The matter must now be determined on appeal. The employees argue that because Mr. Wagnon was lead counsel for the university, the trial court was correct in relying upon him to bind the university with any agreement regarding instructions to the jury. In support of their argument, the employees cite case law standing for the proposition that when a party agrees to jury instructions, it effectively waives the right to object later on the ground that the instructions were legally incorrect or misleading. See Atkins Ford Sales, Inc. v. Royster, 560 So.2d 197 (Ala.1990); Liberty National Life Ins. Co. v. Beasley, 466 So.2d 935 (Ala.1985).
We find, however, that the university did not waive its objection to the court’s supplemental jury instructions. The cases cited by the employees in support of their position involve circumstances where the appellants challenged on appeal jury instructions that the appellants themselves had submitted. In the present case the university did not submit the supplemental instructions to the court. Further, while the trial court indicated that it felt Mr. Wagnon had agreed to the instructions, it also noted that it understood that Mr. Norton had expressed reservations as to their correctness. The question of a true “agreement” among the parties and the court is problematic, as the court was on notice that at least one attorney for the university considered the instructions improper. In these circumstances the trial court was left to make a decision, which was later objected to. Importantly, while Mr. Norton was not the university’s lead counsel, the record shows that he was the attorney who stated all of the university’s objections to the court’s other jury instructions and that the court had recognized him when he did so.

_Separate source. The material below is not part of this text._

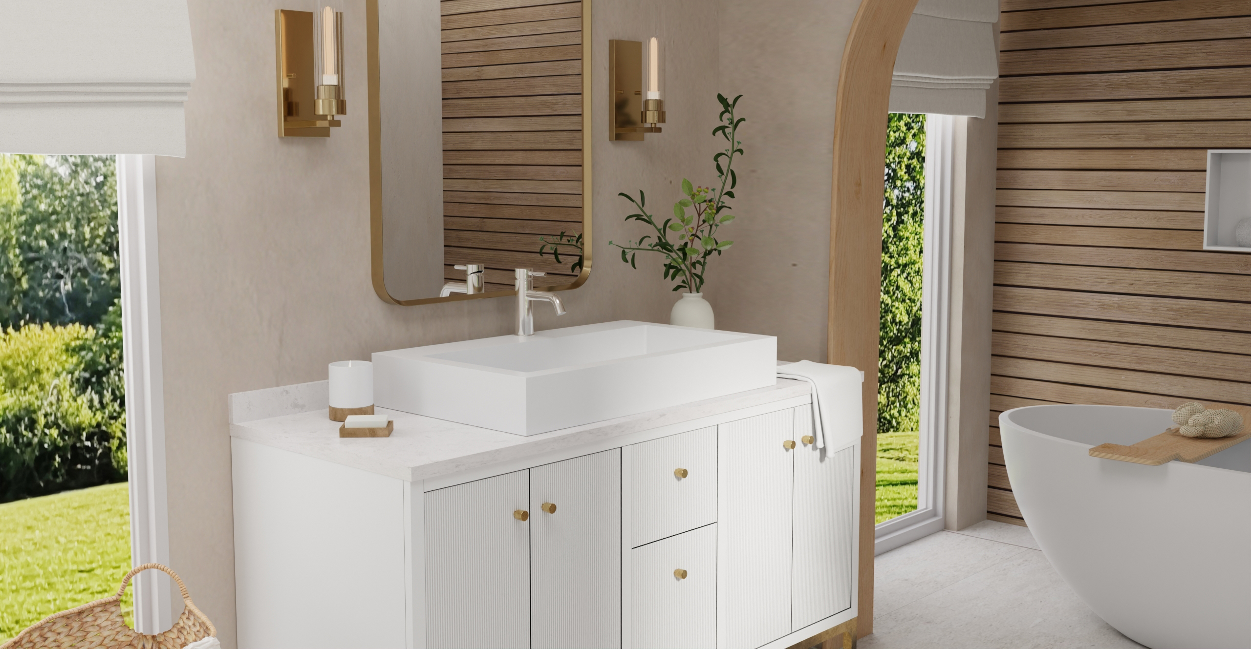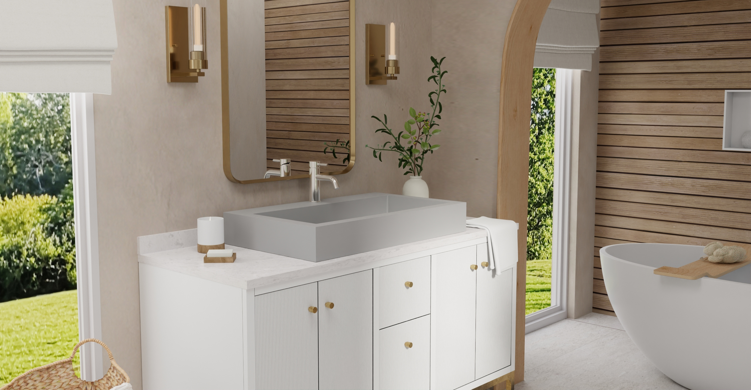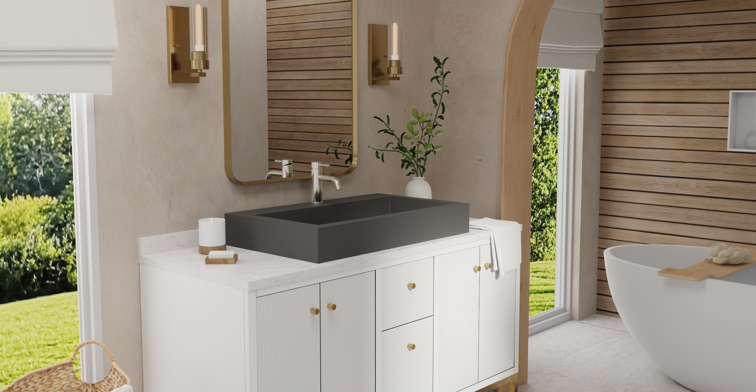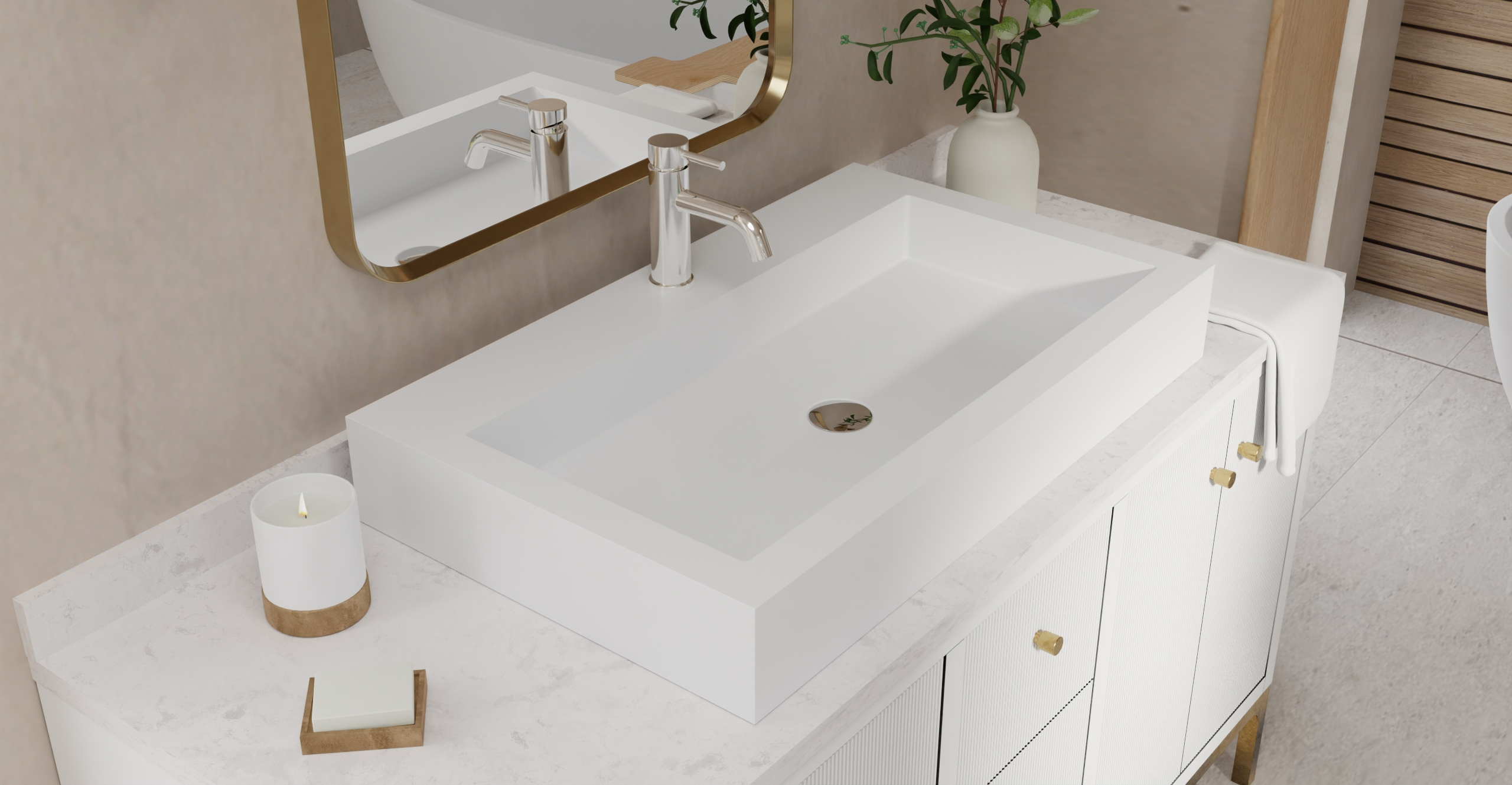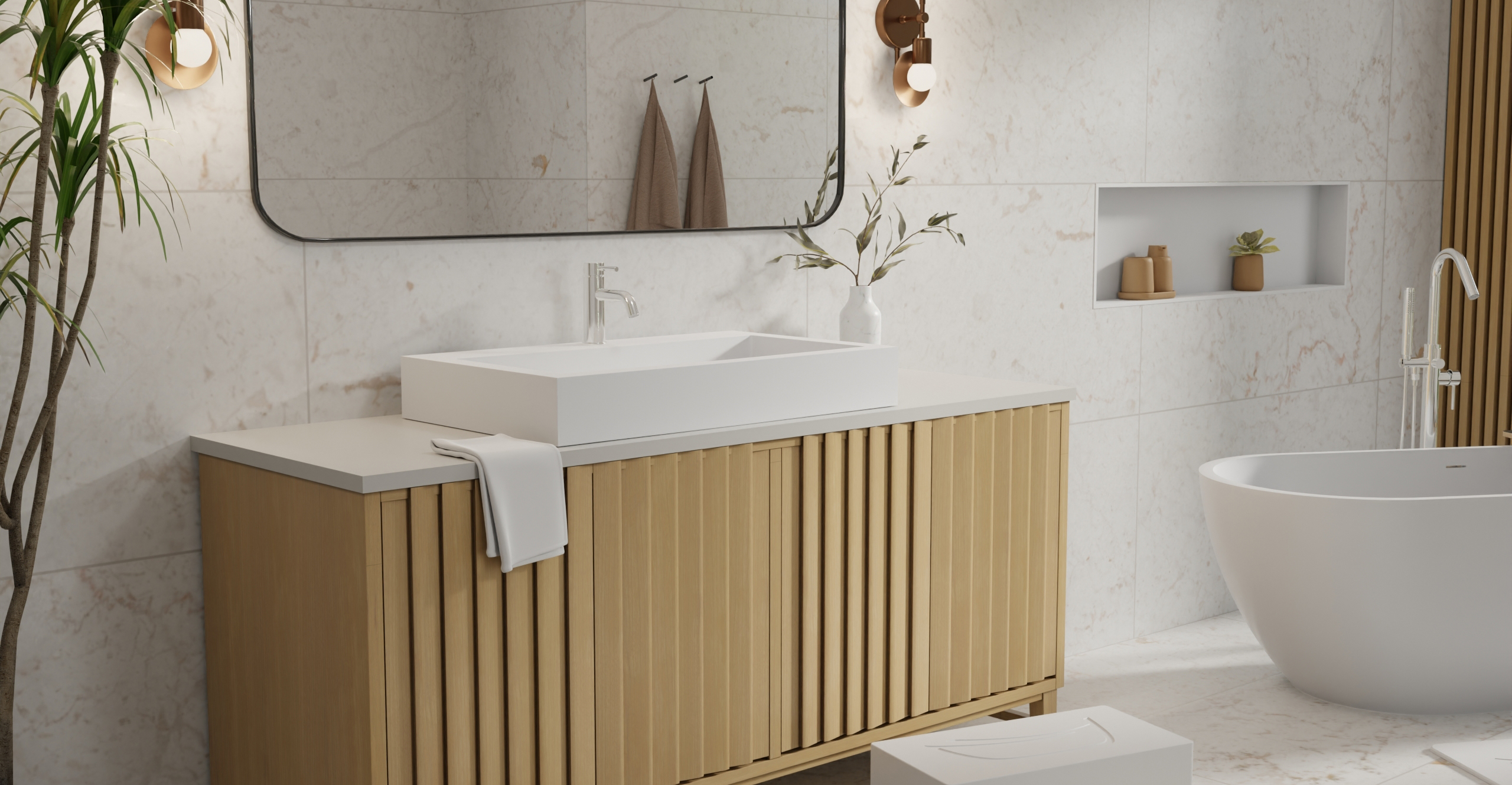 Envision your luxury bathroom with free templates and samples of Badeloft’s stone resin material.

In the absence of a showing that the university clearly acceded to the content of the supplemental instructions given by the court, and in view of Mr. Norton’s timely objection complying in all respects with the requirements of Rule 51, Alabama Rules of Civil Procedure, we find that the university did not waive its objection to the supplemental *1364instructions and that it properly preserved the issue for consideration on appeal.
Because we find that the trial court’s supplemental instructions prevented the jury from rendering a verdict in accordance with the law, we must reverse the decision of the trial court and remand this case for proceedings consistent with this opinion.
REVERSED AND REMANDED.
ROBERTSON, P.J., and THIGPEN, J., concur.